Recorded data
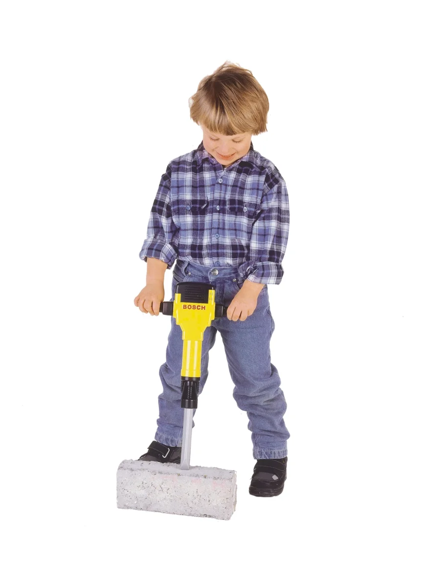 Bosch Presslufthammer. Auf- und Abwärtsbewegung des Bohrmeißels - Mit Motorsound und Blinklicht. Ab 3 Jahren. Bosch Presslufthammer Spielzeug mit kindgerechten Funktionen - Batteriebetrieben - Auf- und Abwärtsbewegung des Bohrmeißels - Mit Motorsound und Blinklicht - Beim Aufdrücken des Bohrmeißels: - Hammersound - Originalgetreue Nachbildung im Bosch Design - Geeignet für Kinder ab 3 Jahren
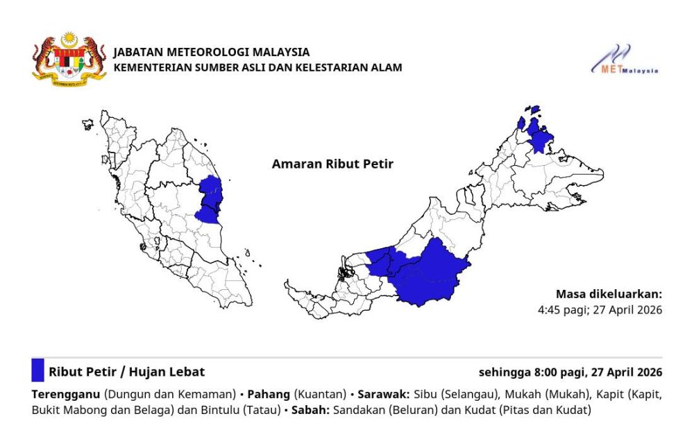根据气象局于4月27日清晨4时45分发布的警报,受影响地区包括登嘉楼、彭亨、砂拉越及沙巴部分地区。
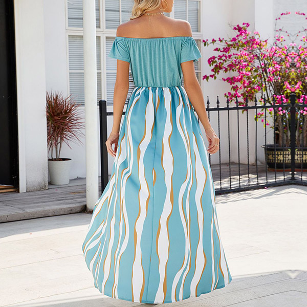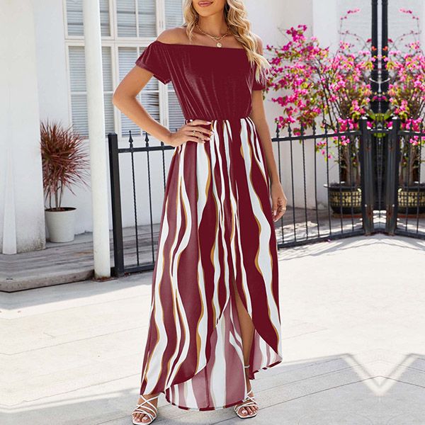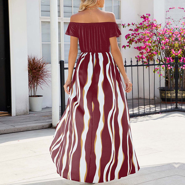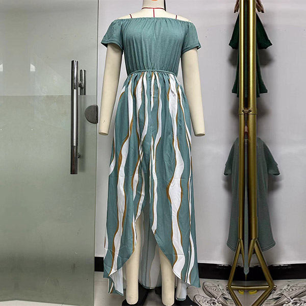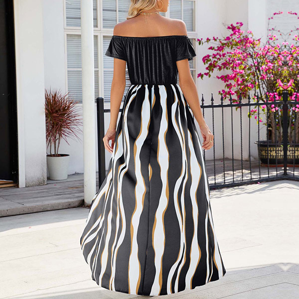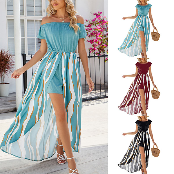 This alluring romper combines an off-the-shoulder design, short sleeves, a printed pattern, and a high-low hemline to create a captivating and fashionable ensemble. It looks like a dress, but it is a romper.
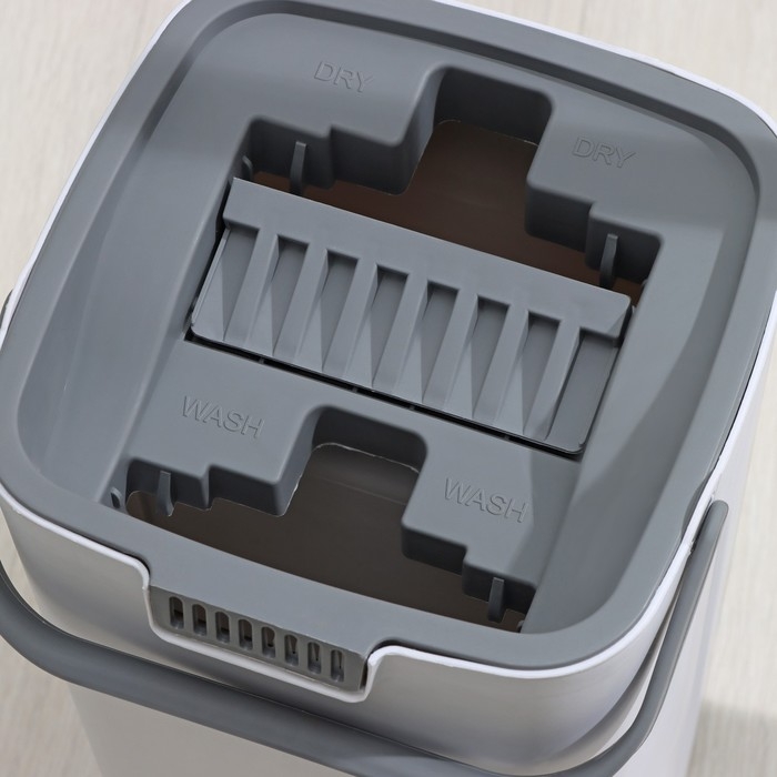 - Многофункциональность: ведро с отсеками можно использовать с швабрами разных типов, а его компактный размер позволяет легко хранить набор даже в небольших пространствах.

...

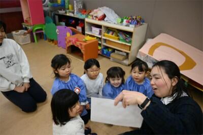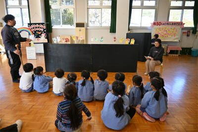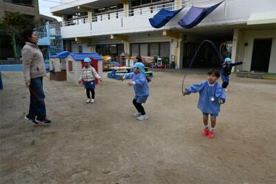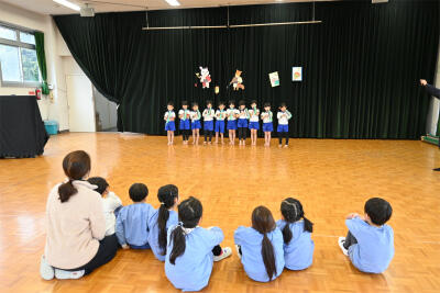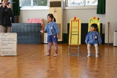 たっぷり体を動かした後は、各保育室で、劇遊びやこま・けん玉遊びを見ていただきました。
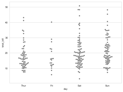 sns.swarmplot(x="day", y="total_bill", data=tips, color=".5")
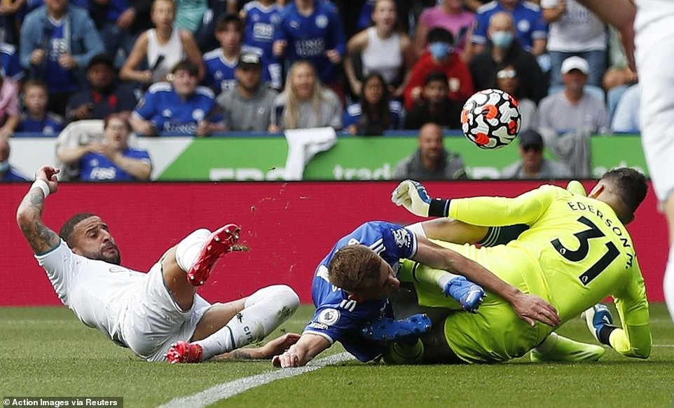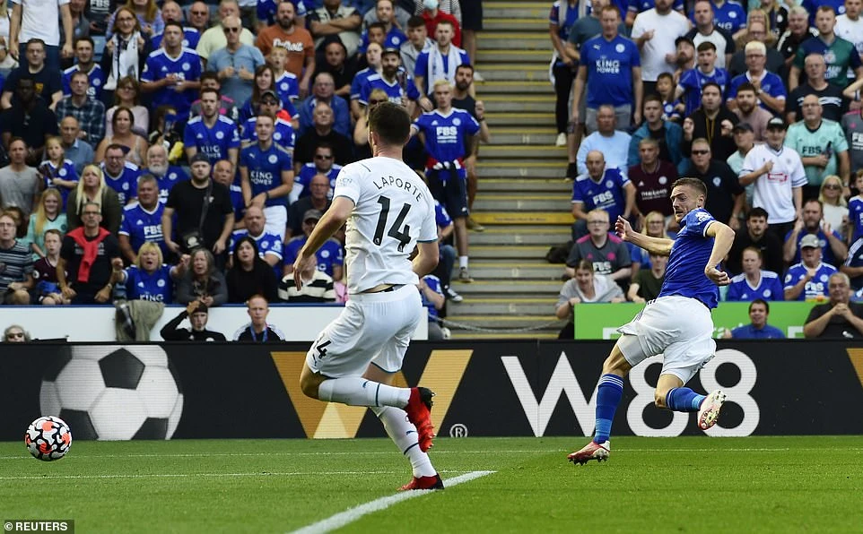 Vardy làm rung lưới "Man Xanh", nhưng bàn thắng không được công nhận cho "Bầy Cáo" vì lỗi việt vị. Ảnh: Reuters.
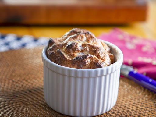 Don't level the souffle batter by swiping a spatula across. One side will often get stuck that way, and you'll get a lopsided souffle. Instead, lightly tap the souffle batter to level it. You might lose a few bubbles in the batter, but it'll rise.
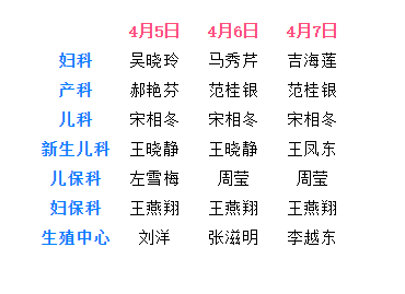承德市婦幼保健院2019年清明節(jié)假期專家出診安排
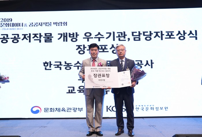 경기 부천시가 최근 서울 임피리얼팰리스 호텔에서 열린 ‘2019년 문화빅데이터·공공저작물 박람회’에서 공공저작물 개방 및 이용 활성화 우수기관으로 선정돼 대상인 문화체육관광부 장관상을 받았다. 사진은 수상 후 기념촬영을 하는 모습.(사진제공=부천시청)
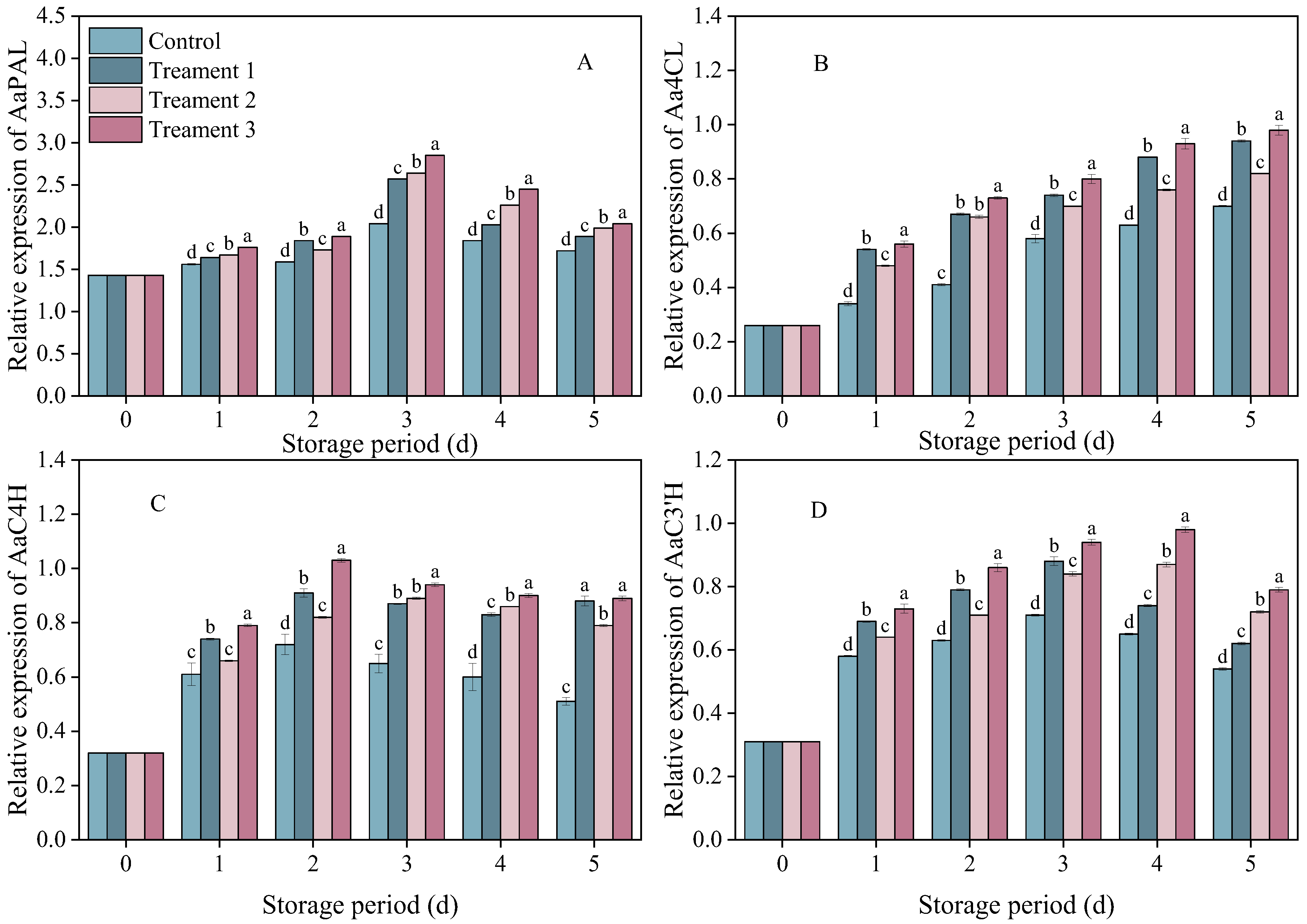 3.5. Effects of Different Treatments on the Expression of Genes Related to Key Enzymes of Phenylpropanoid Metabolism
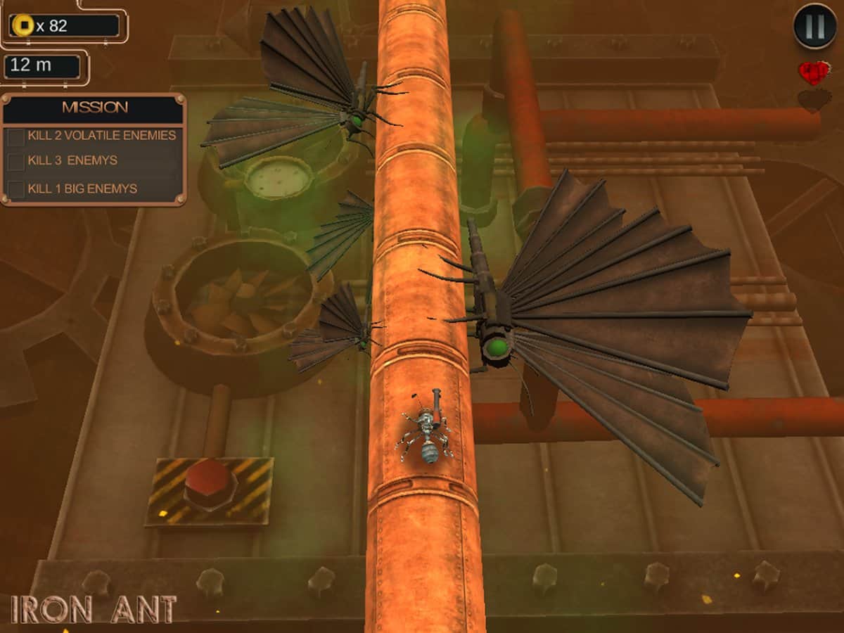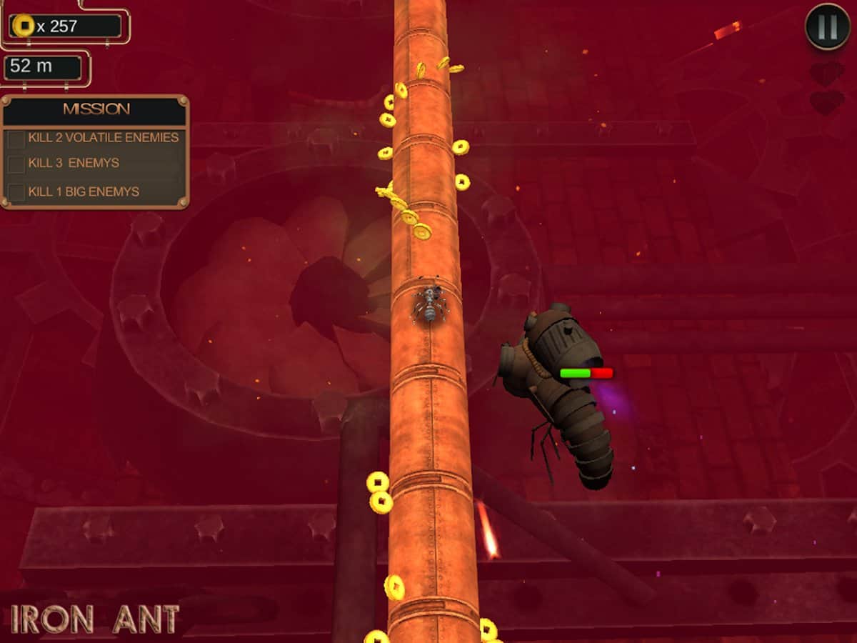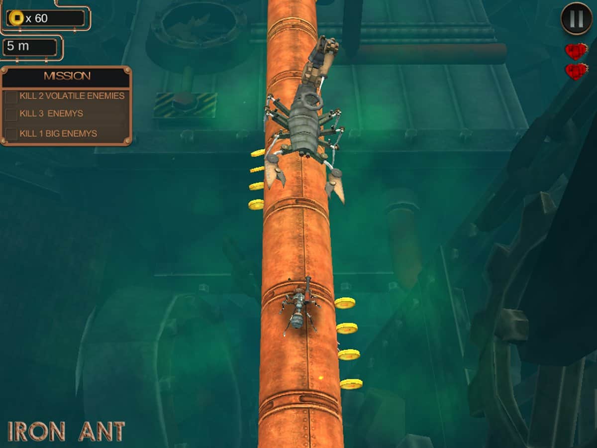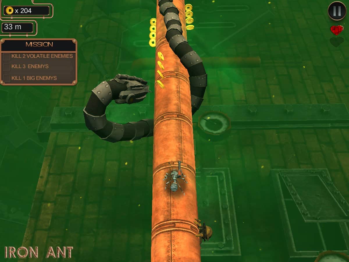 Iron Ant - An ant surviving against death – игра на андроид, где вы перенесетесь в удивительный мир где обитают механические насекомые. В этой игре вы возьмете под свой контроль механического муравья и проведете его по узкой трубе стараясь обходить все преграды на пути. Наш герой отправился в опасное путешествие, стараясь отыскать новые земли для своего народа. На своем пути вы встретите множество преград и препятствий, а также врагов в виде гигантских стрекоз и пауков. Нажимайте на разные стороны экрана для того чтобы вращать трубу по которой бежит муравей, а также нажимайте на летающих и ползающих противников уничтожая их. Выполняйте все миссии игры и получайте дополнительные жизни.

Exercise brief
Copy only this from above: the line containing "根据气象局于4月27日清晨4", the line containing "- Многофункциональность: ведро", and all lines between, printed exactly. Leave out the pictures.

Solution to this problem
根据气象局于4月27日清晨4时45分发布的警报,受影响地区包括登嘉楼、彭亨、砂拉越及沙巴部分地区。
 This alluring romper combines an off-the-shoulder design, short sleeves, a printed pattern, and a high-low hemline to create a captivating and fashionable ensemble. It looks like a dress, but it is a romper.
 - Многофункциональность: ведро с отсеками можно использовать с швабрами разных типов, а его компактный размер позволяет легко хранить набор даже в небольших пространствах.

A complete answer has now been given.